Нас встречают звёзды,

Дальние дороги,

Вольные луга...

Верхом на ветре

«Li Rom a kiste li braval»[2]

Бруно Морелли

Кто бродит по миру грёзно,

Кто хищно кружит по следу;

Цыгане — верхом на ветре,

Кобыле в попоне звёздной.

Кто смотрит в круги бинокля,

А кто в зеркала глядится —

Цыгане, земные птицы,

Играют в цветные стёкла.

Кто ходит топиться в омут,

А кто поплескаться с краю;

Цыгане — в огонь ныряют,

В тоскующих песнях тонут.

Кто нежной клонится ивой,

Кто в солнце верхушкой метит...

Цыгане — верхом на ветре,

Кобыле с туманной гривой.

Байлаора (Ритмы фламенко)

Взгляд тёмный и страстный,

И нежный, и властный

Цыганских очей

Чарует опасно,

Бередит напрасно

В угаре ночей

Беззвёздных, кабацких,

Беспечных гусарски,

В дыму сигарет;

Лицо словно маска,

И адски, дикарски

Глаза — как запрет!

Желанней е-

ё в мире

нет!

Качаются бёдра

Бескостно, свободно,

Под стук каблуков.

С улыбкой недоброй,

Кровавой, голодной

Индийских божков

Танцует цыганка.

Звучат, как приманка,

Хлопки смуглых рук,

Но горда осанка

Лукавой южанки,

И дело к утру.

О, пусть не при-

ходит рас-

свет!

Сыграй мне, Талош

Франция, 1944

Сыграй мне, Талош, на жёлтой скрипке,

Янтарной, сладкой, как свежий мёд,

Сыграй мне лето, сыграй улыбку —

Пускай твой чардаш собак уймёт...

Сыграй мне, Талош, на скрипке синей,

Как ночь над лесом и глубь реки,

Дрожаще-нежной, как лист осины —

И заржавеют от слёз курки...

Сыграй мне, Талош, на скрипке алой,

Горячной, дикой, сестре огня,

Опасно-жаркой и сладко-шалой —

Прижги, не надо жалеть меня!

Но ты играешь на скрипке чёрной,

Глухой, как омут, слепой, как дождь,

Смычком тоску мне плетёшь узорно —

И тем надежду мою крадёшь...

Иоганну Тролльману

«O, tu, kalo ?irikloro,

Lid?a mange mro liloro.

Lid?a, lid?a mra rom?ake,

Hoj som phandlo Au?vicate!»[3]

Ружена Даниэлова

Он танцевал на ринге —

рождён был для танца.

Он не выдержал ритма:

в такой да вписаться...

Был он красив и молод,

пока дозволяли.

Лагерный смертный холод

ему прописали,

нары да серые стены —

зэ-ка Иоганну.

Вина его несомненна:

он был цыганом.

Выдрана, осквернённа

жизни страничка.

Его принеси письмо нам,

чёрная птичка!

Свадебная

На снегу простынном — розы.

На щеках из бронзы — росы.

Заплетают пряди-лозы

В плети-косы.

Что жених? Он здесь не главный.

Выпевают люди славу

Твоему отцу. Заздравно

Пьют отраву.

Что бледна ты? Льются песни,

Не сиди — пляши, невеста,

Разве свадьба не чудесна?

Всё по чести!

Романи бахт[4]

К кочевой звезде уводит

Млечная дорога.

Как давно мы не видали

На дорогах Бога!

Мы его ещё поищем —

Нам терпенья хватит —

По асфальту автобанов,

По болотным гатям...

Уберу-ка из колоды

Карты чёрной масти,

Посижу да нагадаю

Нам немного счастья...

В полутьме звенит гитара

О цыганской доле.

Где-то бродит наше счастье

По ночному полю...

СКАЗКИ ДЛЯ ПАДЧЕРИЦЫ

Бабка Варвара

Падали листья, ветки хлестали ветер, собаки выли.

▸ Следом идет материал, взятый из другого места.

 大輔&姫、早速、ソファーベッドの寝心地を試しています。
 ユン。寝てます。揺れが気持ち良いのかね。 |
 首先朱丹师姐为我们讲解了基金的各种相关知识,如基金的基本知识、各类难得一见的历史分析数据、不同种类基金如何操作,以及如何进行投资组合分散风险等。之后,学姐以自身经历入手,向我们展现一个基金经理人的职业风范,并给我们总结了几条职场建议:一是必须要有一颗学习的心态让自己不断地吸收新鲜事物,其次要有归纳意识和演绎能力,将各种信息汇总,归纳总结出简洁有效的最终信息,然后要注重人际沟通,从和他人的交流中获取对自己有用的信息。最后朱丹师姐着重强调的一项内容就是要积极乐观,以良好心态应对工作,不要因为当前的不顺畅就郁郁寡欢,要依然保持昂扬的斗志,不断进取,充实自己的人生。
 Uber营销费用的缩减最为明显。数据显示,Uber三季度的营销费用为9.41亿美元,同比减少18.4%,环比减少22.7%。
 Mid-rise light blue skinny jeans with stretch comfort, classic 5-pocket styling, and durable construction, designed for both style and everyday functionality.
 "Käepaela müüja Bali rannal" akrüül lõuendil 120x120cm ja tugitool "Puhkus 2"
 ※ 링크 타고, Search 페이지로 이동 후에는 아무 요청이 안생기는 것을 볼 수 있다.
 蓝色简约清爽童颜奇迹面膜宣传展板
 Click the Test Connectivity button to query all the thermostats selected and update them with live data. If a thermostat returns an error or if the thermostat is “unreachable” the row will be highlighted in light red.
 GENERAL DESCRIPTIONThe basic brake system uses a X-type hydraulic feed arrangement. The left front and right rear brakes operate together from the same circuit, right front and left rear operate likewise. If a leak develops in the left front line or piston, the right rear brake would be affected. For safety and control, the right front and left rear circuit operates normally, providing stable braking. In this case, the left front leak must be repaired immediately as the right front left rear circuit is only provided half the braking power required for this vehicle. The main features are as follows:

Старая бабка Варвара молилась на календарь.

Бабка Варвара давно и усердно готовит себя к могиле,

так, как готовились все её бабки встарь.

Вышита чёрным крестом рубаха из серо-седой холстины,

белый платок отложен на полку с таблетками от хвороб;

в грубый подол рубахи зашиты четыре пера воробьиных,

и у печи давно стоит домовина, по-современному то есть — гроб.

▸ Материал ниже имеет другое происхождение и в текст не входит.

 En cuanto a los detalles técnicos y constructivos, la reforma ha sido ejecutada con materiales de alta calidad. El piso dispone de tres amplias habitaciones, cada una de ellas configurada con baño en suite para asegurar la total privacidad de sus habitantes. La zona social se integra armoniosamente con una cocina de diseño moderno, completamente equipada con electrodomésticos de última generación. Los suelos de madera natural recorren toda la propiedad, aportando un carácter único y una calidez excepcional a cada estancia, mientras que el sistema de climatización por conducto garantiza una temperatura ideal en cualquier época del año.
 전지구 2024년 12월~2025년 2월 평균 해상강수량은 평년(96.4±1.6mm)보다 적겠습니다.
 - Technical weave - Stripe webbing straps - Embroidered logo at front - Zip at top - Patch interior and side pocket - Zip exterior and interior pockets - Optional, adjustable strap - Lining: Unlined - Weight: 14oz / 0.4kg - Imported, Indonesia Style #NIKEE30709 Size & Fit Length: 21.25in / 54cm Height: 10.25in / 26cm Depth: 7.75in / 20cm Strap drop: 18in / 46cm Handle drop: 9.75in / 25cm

Старая бабка Варвара молилась, поклоны била.

Где-то неслось машинами и поездами её письмо:

«Правнучка Настя — писала — голубка моя белокрыла,

ты приезжай, не мешкай, чую, выходит мой срок этой зимой.

Ты не грусти и не бойся, мы все там будем, Настасья,

дай тебе бог прожить столь же, сколь я жила,

только не так, как я, лучше в миру да согласьи.

Ты приезжай, смотри, двадцатого-то числа.»

Свечка коптила, ставни гремели глухо, дрожали стёкла.

Голенький клёныш у тына, тощий без листьев, дрог.

Злой и косматый, в медвежьей шкуре, с картинки блёклой

молча глядел на Варвару древний, забытый, суровый бог.

Сын Луны

Ринке

Город пищит углами: ищут поживу крысы,

Сына Луны, младенца с нежным жасмином щёк.

Делят углы ночные быстрые биссектрисы,

Льётся по колыбелькам серый крысиный шёлк.

Робко глядят с комодов толстые морды кошек.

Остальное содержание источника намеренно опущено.